■ **Exercise requirements**: The listing, minus its pictures, is to be given again exactly.

'''

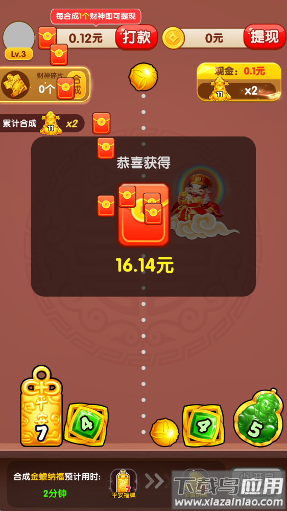 2、每完成一次合成都会触发奖励机制,高级财神像可兑换专属福利,收集越多回报越丰厚;
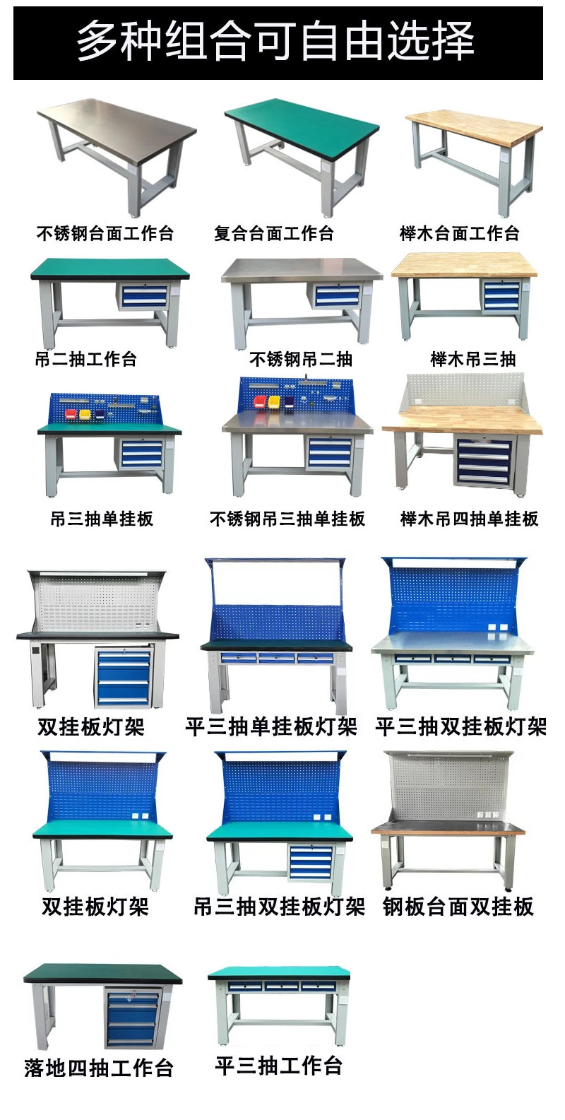工作臺采用優質冷扎板精工制作而成,堅固的工作桌框架,牢固平穩,可使工作桌承重1000kg;多種工作桌面選擇,可配合不同使用的要求;工具吊柜(箱),側柜(箱)燈架,調節腳杯,,外形美觀;層板,抽屜質量上乘,承重大,抽屜內可根據需要任意分隔;節約空間,適用性強。
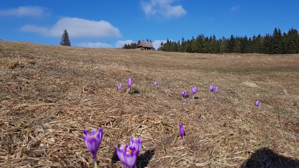 Miano pierwszej Krokusowej Łąki 2018 należy do Krawcowego Wierchu. Bowiem jako jedne z pierwszych w tym roku pojawiły się na Hali Krawcula. Większość polan położonych powyżej 1000 m n.p.m. jest jeszcze pokryta śniegiem, ale tu, dzięki południowej wystawie, wiosna w pełni! Kwiatków jest około 300. Zatem zapraszamy na KROKUSY!
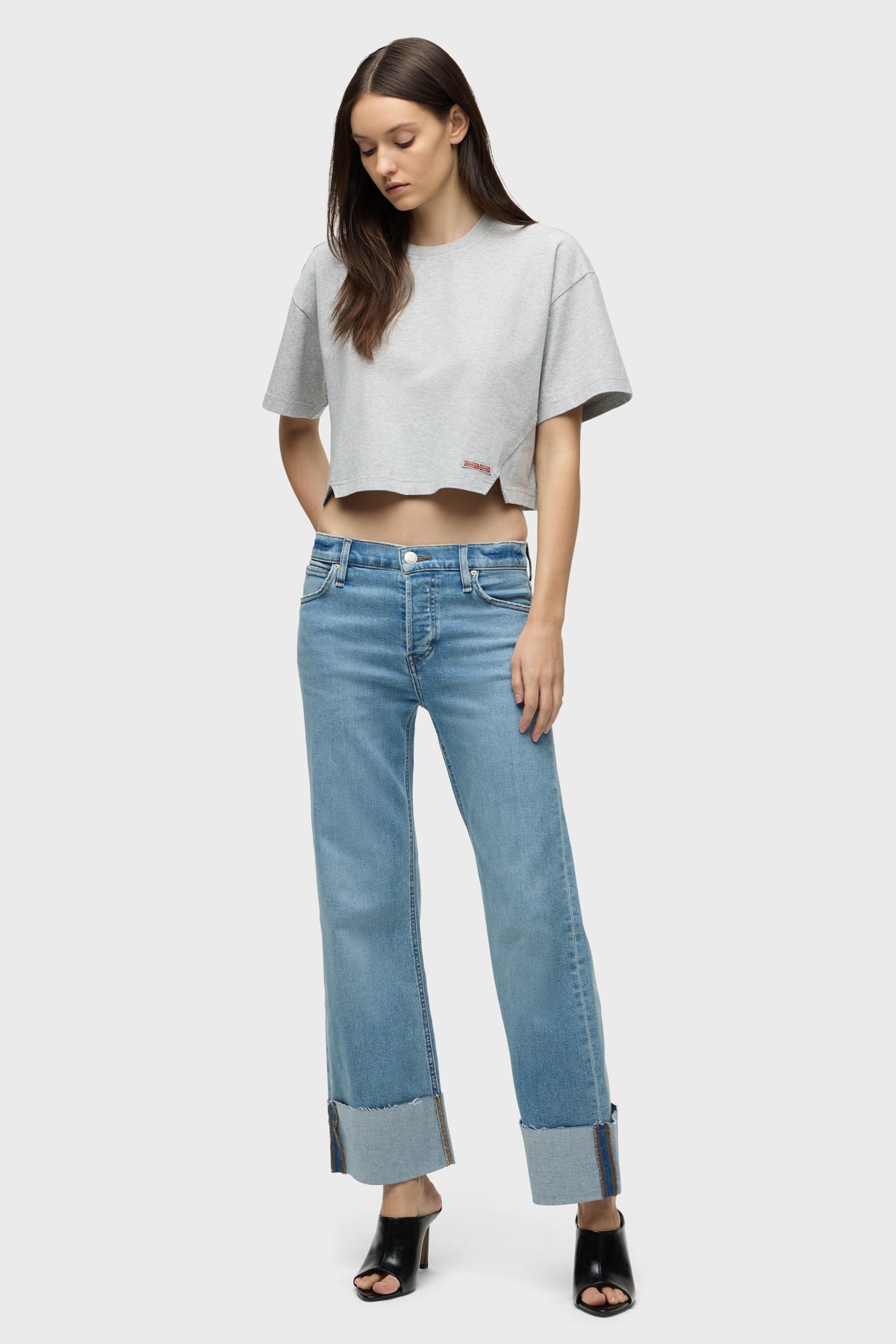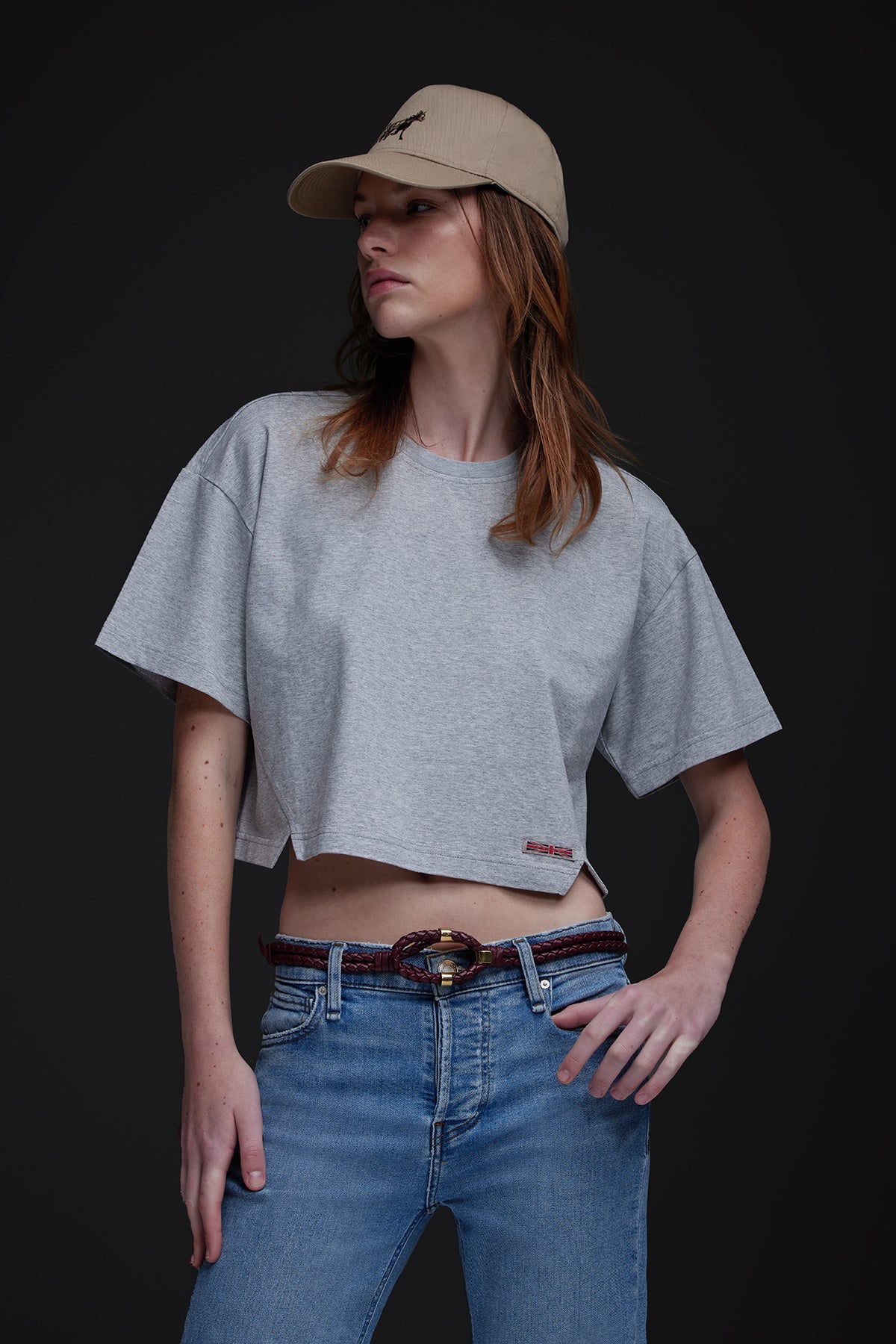 The Short Sleeve Forward Seam Tee in Heather Grey is a year-round essential. Complete with slightly cropped fit, short sleeves, forward seam detailing and heritage Union Jack flag. -
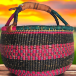 This artisan basket, handwoven from natural fibers, blends tradition with utility. The sturdy handle and textured weave make it ideal for home décor or carrying essentials. Its earthy tones and meticulous craftsmanship celebrate the beauty of African heritage, offering both durability and charm.
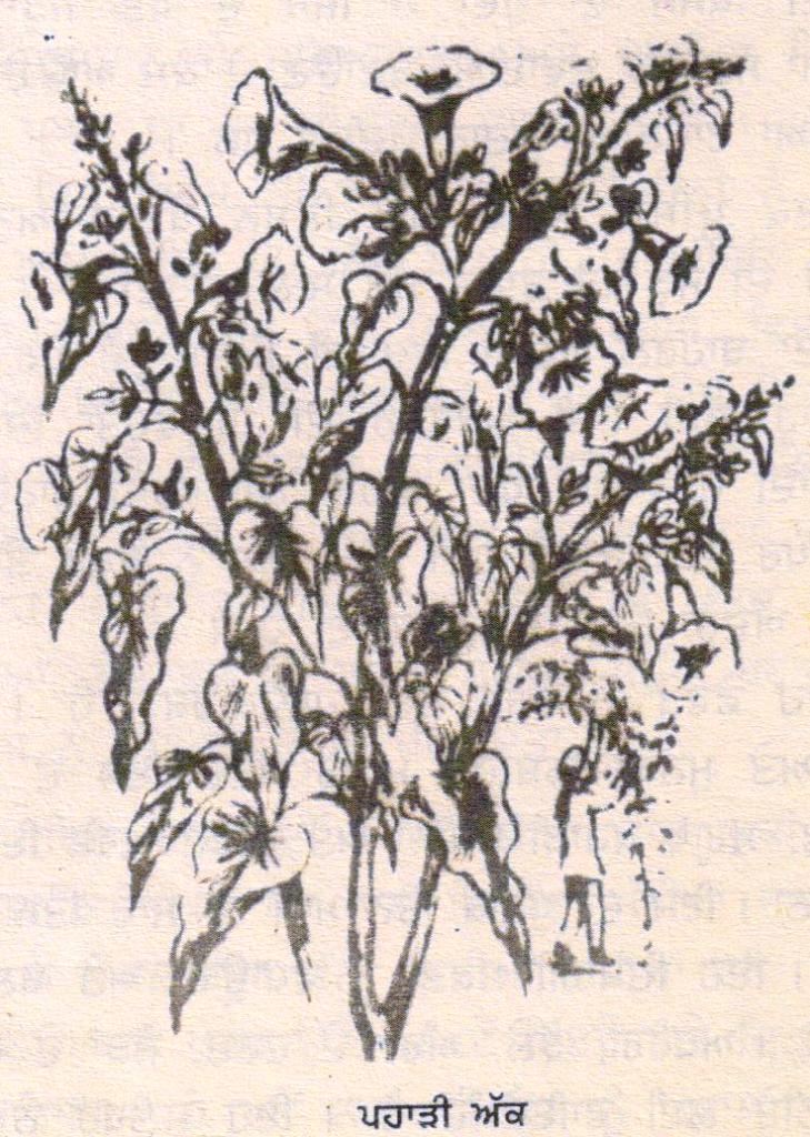 ਪਹਾੜੀ ਅੱਕ ਜਿਸ ਨੂੰ ਗੁਲਾਬੰਦੀ ਅੱਕ ਕਹਿੰਦੇ ਹਨ, ਆਮ ਅੱਕ ਤੋਂ ਵੱਖ ਇਕ ਹੋਰ ਪੌਦਾ ਜਿਸ ਨੂੰ ਪੰਜਾਬ ਵਿਚ ਵਾੜਾਂ ਦੇ ਤੌਰ ਤੇ ਲਾਉਂਦੇ ਹਨ। ਇਹ ਬਹੁਤ ਉੱਚਾ ਹੁੰਦਾ ਹੈ। ਇਸ ਦੇ ਪੱਤੇ ਨਰਮ, ਮੁਲਾਇਮ ਅਤੇ ਗੂੜ੍ਹੇ ਹਰੇ ਹੁੰਦੇ ਹਨ। ਇਸ ਦੇ ਫੁੱਲ ਵੱਡੇ ਵੱਡੇ, ਚਿੱਟੇ ਜਾਮਣੀ ਰੰਗ ਦੇ ਹੁੰਦੇ ਹਨ। ਇਸ ਨੂੰ ਕੁਕੜੀਆਂ ਨਹੀਂ ਲਗਦੀਆਂ ਅਤੇ ਨਾ ਹੀ ਇਸ ਵਿਚ ਦੁੱਧ ਹੁੰਦਾ ਹੈ।
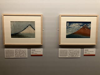 目玉展示の一つは、現存屈指の優れた摺り・保存状態を誇るという《神奈川沖浪裏》。そしてもう一つは、「赤富士」として知られる《凱風快晴》の希少な藍摺販、通称「青富士」です。この「青富士」にはさすがにびっくり、なんだこれは?という感じです。
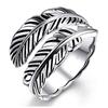 Кольцо в форме пера из стерлингового серебра для женщин, винтажная вечеринка в стиле панк, регулируемое украшение на палец, ретро-аксессуары
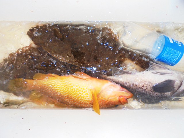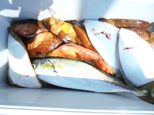 キジハタ 12尾、ヒラメ 1尾、ワカシ 4尾、

'''

■ **Solution for this exercise**:
 2、每完成一次合成都会触发奖励机制,高级财神像可兑换专属福利,收集越多回报越丰厚;
工作臺采用優質冷扎板精工制作而成,堅固的工作桌框架,牢固平穩,可使工作桌承重1000kg;多種工作桌面選擇,可配合不同使用的要求;工具吊柜(箱),側柜(箱)燈架,調節腳杯,,外形美觀;層板,抽屜質量上乘,承重大,抽屜內可根據需要任意分隔;節約空間,適用性強。
 Miano pierwszej Krokusowej Łąki 2018 należy do Krawcowego Wierchu. Bowiem jako jedne z pierwszych w tym roku pojawiły się na Hali Krawcula. Większość polan położonych powyżej 1000 m n.p.m. jest jeszcze pokryta śniegiem, ale tu, dzięki południowej wystawie, wiosna w pełni! Kwiatków jest około 300. Zatem zapraszamy na KROKUSY!
 The Short Sleeve Forward Seam Tee in Heather Grey is a year-round essential. Complete with slightly cropped fit, short sleeves, forward seam detailing and heritage Union Jack flag. -
 This artisan basket, handwoven from natural fibers, blends tradition with utility. The sturdy handle and textured weave make it ideal for home décor or carrying essentials. Its earthy tones and meticulous craftsmanship celebrate the beauty of African heritage, offering both durability and charm.
 ਪਹਾੜੀ ਅੱਕ ਜਿਸ ਨੂੰ ਗੁਲਾਬੰਦੀ ਅੱਕ ਕਹਿੰਦੇ ਹਨ, ਆਮ ਅੱਕ ਤੋਂ ਵੱਖ ਇਕ ਹੋਰ ਪੌਦਾ ਜਿਸ ਨੂੰ ਪੰਜਾਬ ਵਿਚ ਵਾੜਾਂ ਦੇ ਤੌਰ ਤੇ ਲਾਉਂਦੇ ਹਨ। ਇਹ ਬਹੁਤ ਉੱਚਾ ਹੁੰਦਾ ਹੈ। ਇਸ ਦੇ ਪੱਤੇ ਨਰਮ, ਮੁਲਾਇਮ ਅਤੇ ਗੂੜ੍ਹੇ ਹਰੇ ਹੁੰਦੇ ਹਨ। ਇਸ ਦੇ ਫੁੱਲ ਵੱਡੇ ਵੱਡੇ, ਚਿੱਟੇ ਜਾਮਣੀ ਰੰਗ ਦੇ ਹੁੰਦੇ ਹਨ। ਇਸ ਨੂੰ ਕੁਕੜੀਆਂ ਨਹੀਂ ਲਗਦੀਆਂ ਅਤੇ ਨਾ ਹੀ ਇਸ ਵਿਚ ਦੁੱਧ ਹੁੰਦਾ ਹੈ।
 目玉展示の一つは、現存屈指の優れた摺り・保存状態を誇るという《神奈川沖浪裏》。そしてもう一つは、「赤富士」として知られる《凱風快晴》の希少な藍摺販、通称「青富士」です。この「青富士」にはさすがにびっくり、なんだこれは?という感じです。
 Кольцо в форме пера из стерлингового серебра для женщин, винтажная вечеринка в стиле панк, регулируемое украшение на палец, ретро-аксессуары
 キジハタ 12尾、ヒラメ 1尾、ワカシ 4尾、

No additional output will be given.